▼▼▼

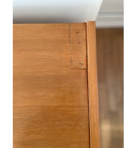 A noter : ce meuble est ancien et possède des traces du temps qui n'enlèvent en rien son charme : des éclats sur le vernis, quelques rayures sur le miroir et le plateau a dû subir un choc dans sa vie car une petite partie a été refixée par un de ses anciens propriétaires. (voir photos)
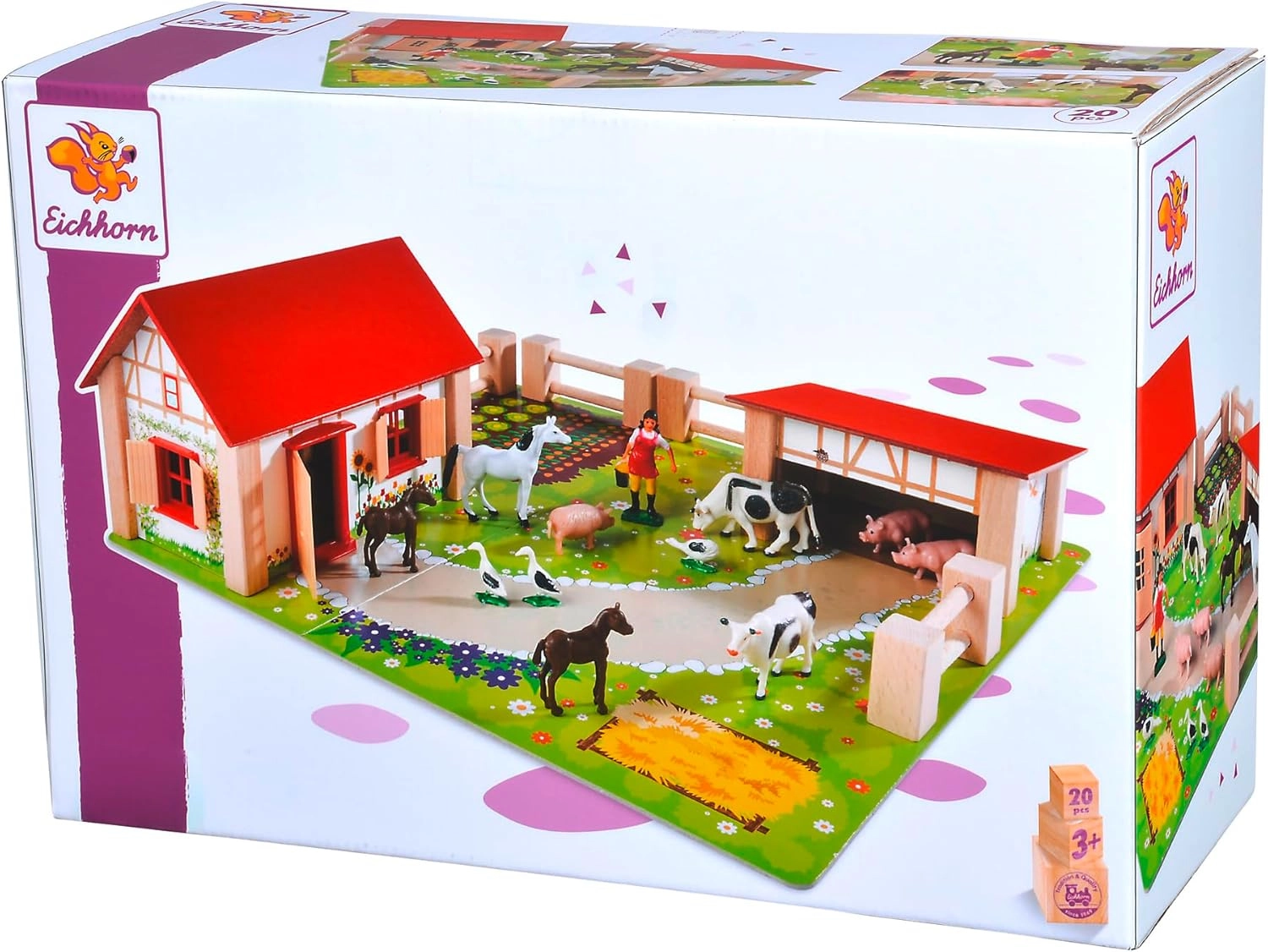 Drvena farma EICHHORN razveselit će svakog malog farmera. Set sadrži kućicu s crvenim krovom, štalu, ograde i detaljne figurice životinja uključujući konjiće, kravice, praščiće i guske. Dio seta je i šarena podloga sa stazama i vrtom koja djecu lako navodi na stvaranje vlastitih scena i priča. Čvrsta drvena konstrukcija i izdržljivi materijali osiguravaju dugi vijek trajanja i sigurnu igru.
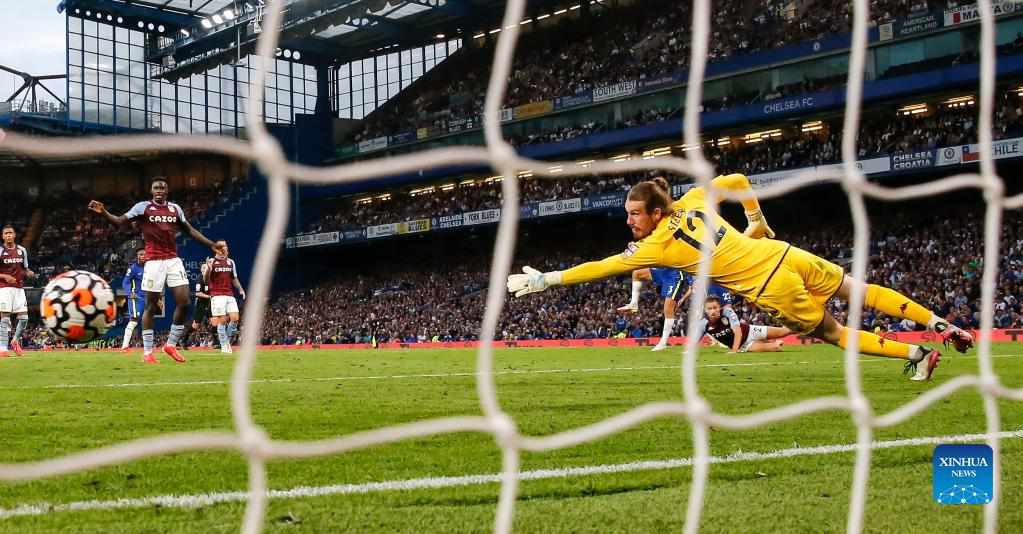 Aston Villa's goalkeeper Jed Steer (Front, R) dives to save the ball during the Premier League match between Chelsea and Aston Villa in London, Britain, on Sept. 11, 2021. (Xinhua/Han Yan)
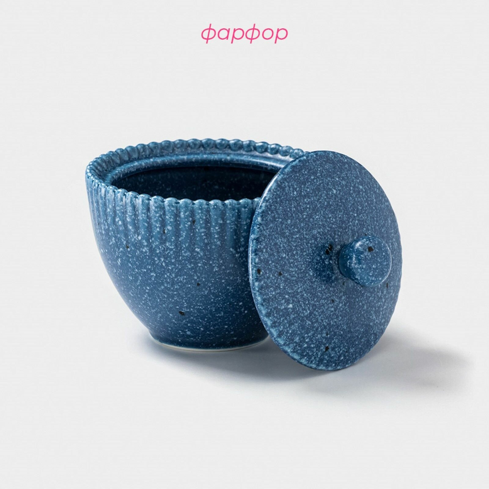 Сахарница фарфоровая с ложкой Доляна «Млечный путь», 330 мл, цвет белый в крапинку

▲▲▲
▼▼▼

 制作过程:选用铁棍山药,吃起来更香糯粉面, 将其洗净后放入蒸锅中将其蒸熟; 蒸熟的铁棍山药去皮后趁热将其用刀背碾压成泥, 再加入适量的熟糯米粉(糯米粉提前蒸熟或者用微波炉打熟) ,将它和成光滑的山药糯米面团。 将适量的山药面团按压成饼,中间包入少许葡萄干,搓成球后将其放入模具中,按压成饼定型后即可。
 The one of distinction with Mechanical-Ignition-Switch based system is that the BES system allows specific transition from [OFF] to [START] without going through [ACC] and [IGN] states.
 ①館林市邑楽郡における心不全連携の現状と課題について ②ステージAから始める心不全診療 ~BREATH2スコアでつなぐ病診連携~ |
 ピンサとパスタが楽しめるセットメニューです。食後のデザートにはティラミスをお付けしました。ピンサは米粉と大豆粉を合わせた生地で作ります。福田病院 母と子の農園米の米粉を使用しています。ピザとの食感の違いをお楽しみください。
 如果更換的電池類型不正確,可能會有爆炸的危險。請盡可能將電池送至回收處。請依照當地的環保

▲▲▲
▼▼▼

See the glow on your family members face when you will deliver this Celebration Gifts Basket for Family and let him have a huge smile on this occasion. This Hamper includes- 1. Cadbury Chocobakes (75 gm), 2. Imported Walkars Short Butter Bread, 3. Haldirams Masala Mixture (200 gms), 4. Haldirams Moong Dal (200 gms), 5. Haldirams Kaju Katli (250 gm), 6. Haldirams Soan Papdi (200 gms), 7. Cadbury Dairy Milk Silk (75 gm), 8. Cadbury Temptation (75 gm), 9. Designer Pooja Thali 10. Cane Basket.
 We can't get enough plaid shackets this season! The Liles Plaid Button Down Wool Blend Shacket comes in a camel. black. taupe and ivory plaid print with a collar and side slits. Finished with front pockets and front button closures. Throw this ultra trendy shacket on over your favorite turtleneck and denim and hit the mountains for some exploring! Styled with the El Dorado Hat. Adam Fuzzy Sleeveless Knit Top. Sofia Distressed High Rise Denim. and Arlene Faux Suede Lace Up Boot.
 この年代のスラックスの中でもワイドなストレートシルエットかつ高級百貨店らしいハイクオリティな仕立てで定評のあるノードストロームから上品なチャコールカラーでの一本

▲▲▲

*WORK TO BE COMPLETED*: For the word "your", state how many lines of the entries contain it, with nothing else.

*RESULT BELOW*: 2